Told through the narratives of Belle, Sophia, and Seth, Titan’s Tears conjures a near-future where miraculous breakthroughs, like deliverybots and cloned mammoths, quickly are regarded as mundane. The story builds to a crescendo with climatic tension and a plot line that intricately weaves each character’s lives together, eventually bringing them to Eccleston’s remote island of ancient beasts, bleeding-edge wonders, and literal “murder-machines.” The mysteries and suspense entice, while Lester digs deeper than simple thrills, capturing the textures of life in this future.

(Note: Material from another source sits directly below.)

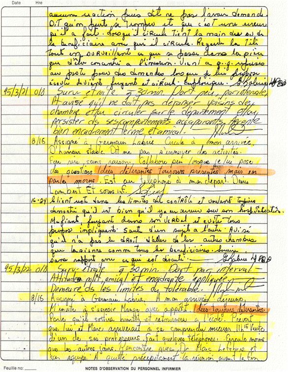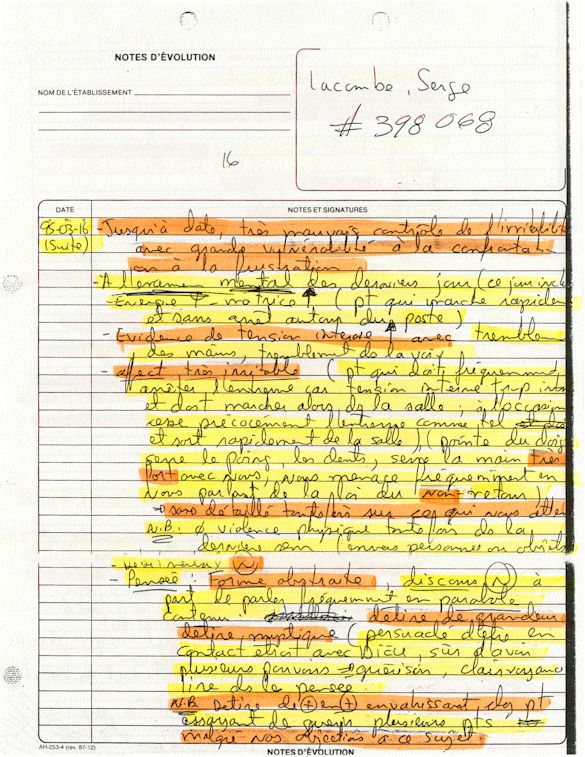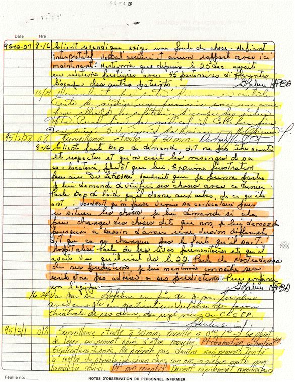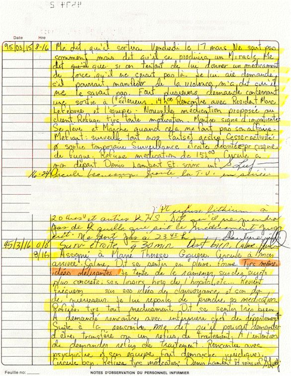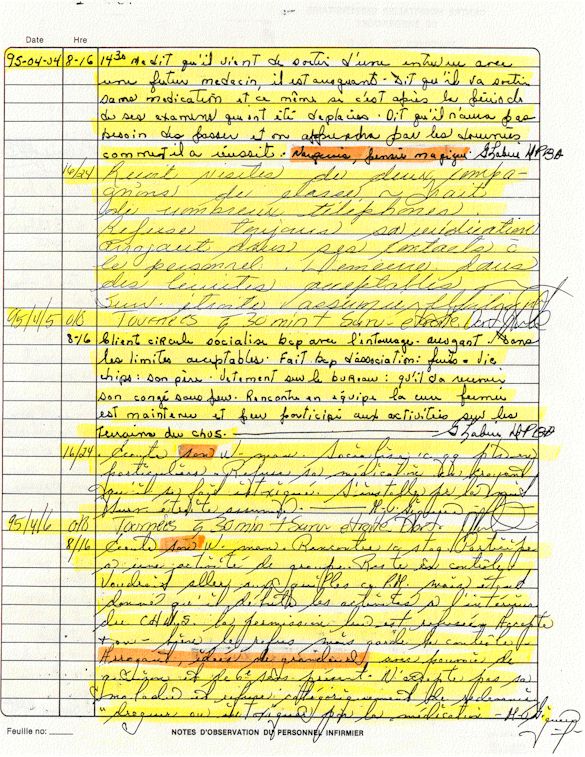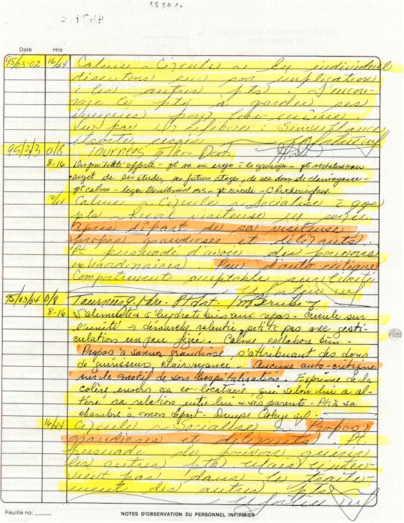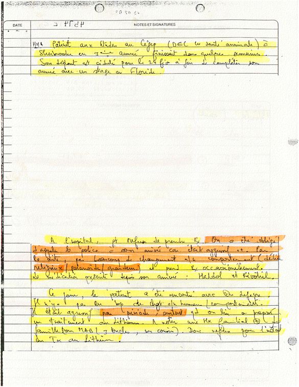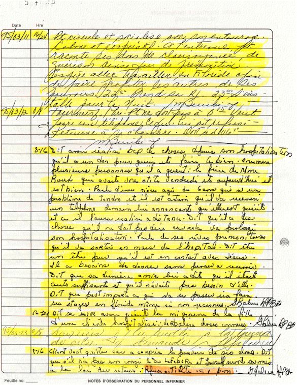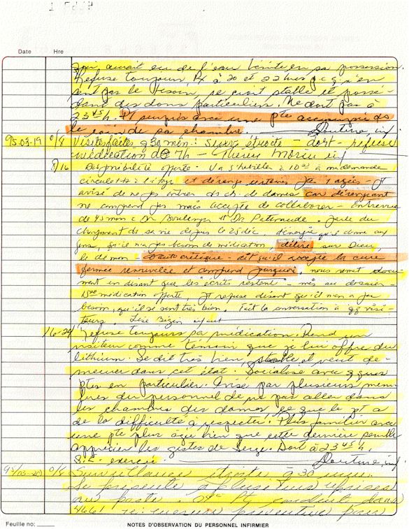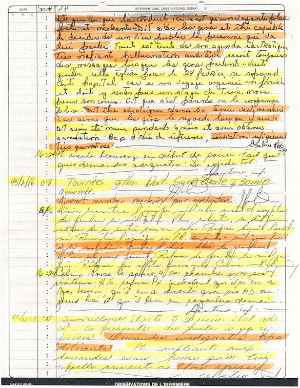 Observation de l'Infirmière - 16a - Observation of the Nurse Régistre de la Salle d'Urgence - Register of the Emergency Room Évaluation Admission Psychiatrie - Psychiatric Admission Evaluation Électrocardiogramme - Electrocardiogram Électrocardiogramme - Electrocardiogram

Especially provocative: through journal entries, readers learn more about Sophia as she reflects on curing diseases such as Parkinson's, her heart-breaking relationship with a previous business partner, Lucas, and her vision for a brand new beginning. Lester deftly ties it all together into a layered, eerie puzzle. Fans of ensemble narratives and thoughtful thrillers with truly jolting twists will relish this trio’s journey into a stranger, newer world—and this novel that, as it looks forward, playfully engages with some SF classics of the past.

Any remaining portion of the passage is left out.